There have been varying accounts as to whether Dec. 30 carried a Red Flag Warning.

Boulder County Sheriff Joe Pelle has said publicly that there was a Red Flag Warning on the day the Marshall fire broke out. But the National Weather Service in Boulder told The Denver Gazette that it issued a "high wind warning" — which carries with it a ban on fires — at 3 a.m. Dec. 30.

Although the winds were high and the fuels were cured and dry, the weather service office did not call for a Red Flag Warning because humidity levels were not below the 15% threshold required for the Red Flag classification.

"Humidities that day were at 20-25%," said Jennifer Stark, the office's meteorologist in charge. "It was absolutely not OK to burn any fires that day. Anyone who lives in Colorado knows how dry it has been in the fall and winter."

According to Boulder County's website, "During any of the following weather events, open burning is not allowed in unincorporated Boulder County from time of issuance until midnight in which the event expires: Red Flag Warning, High Wind Warning, High Wind Watch, Fire Danger Warning, and Fire Weather Watch."

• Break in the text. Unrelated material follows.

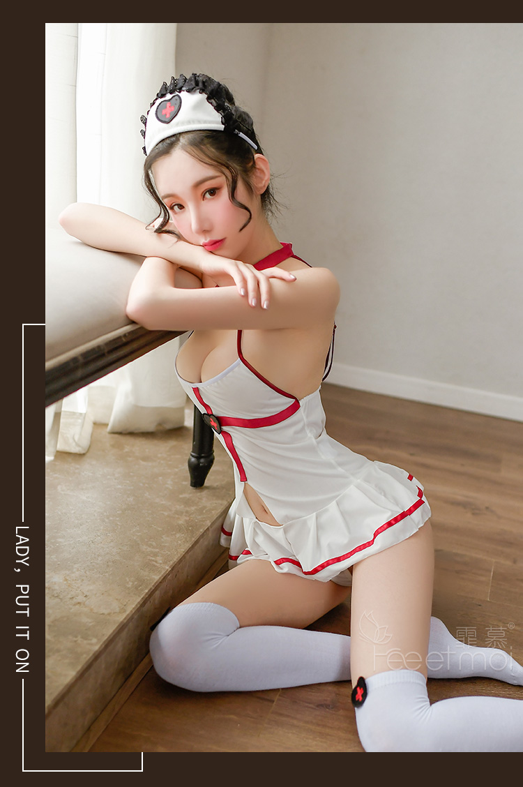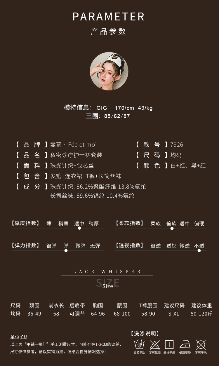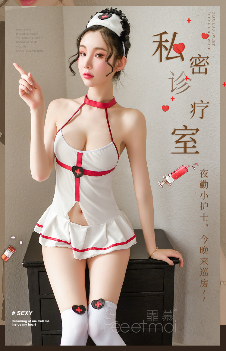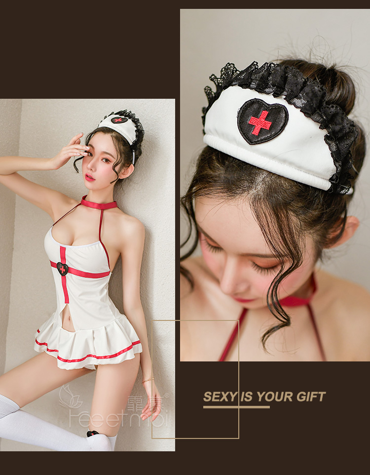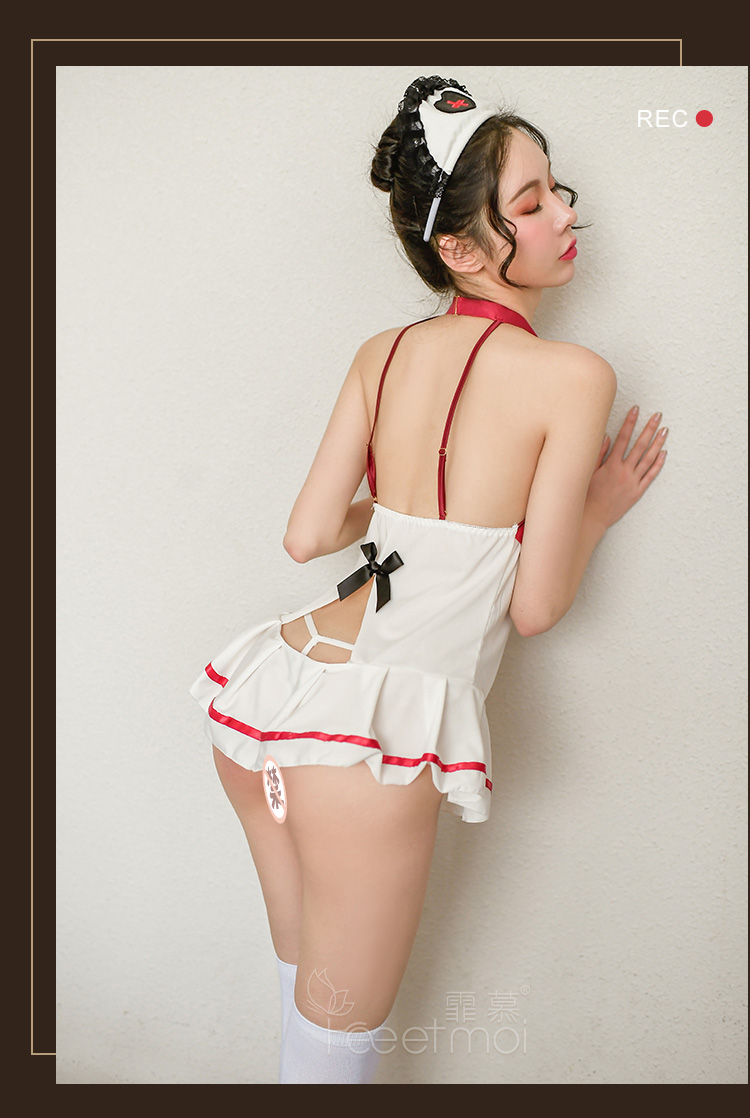 【红与白】情趣内衣 制服 后背 镂空 低胸 挂脖 性感 角色 扮演 护士 型号;7926

It then advises residents that it is critical for visitors and residents to do anything they can to prevent fires.

Pelle has said in news conferences that the neighborhood at Marshall Road and Colorado Highway 93 is at the center of the investigation. The Boulder County Sheriff's Office has denied numerous requests for records showing the number of times deputies were called to that area, citing its ongoing investigation.

The National Weather Service reported that winds were gusting from 81 mph in South Boulder and up to 99 mph at highways 93 and 72. By noon, that spot had a peak gust of 115 mph. Those strong winds shifted east toward all of Superior and most of Louisville between 12:30 and 2 p.m.

The winds started to calm down “through the afternoon and late evening hours, but unfortunately, much of the destruction had been done,” according to the National Weather Service in Boulder.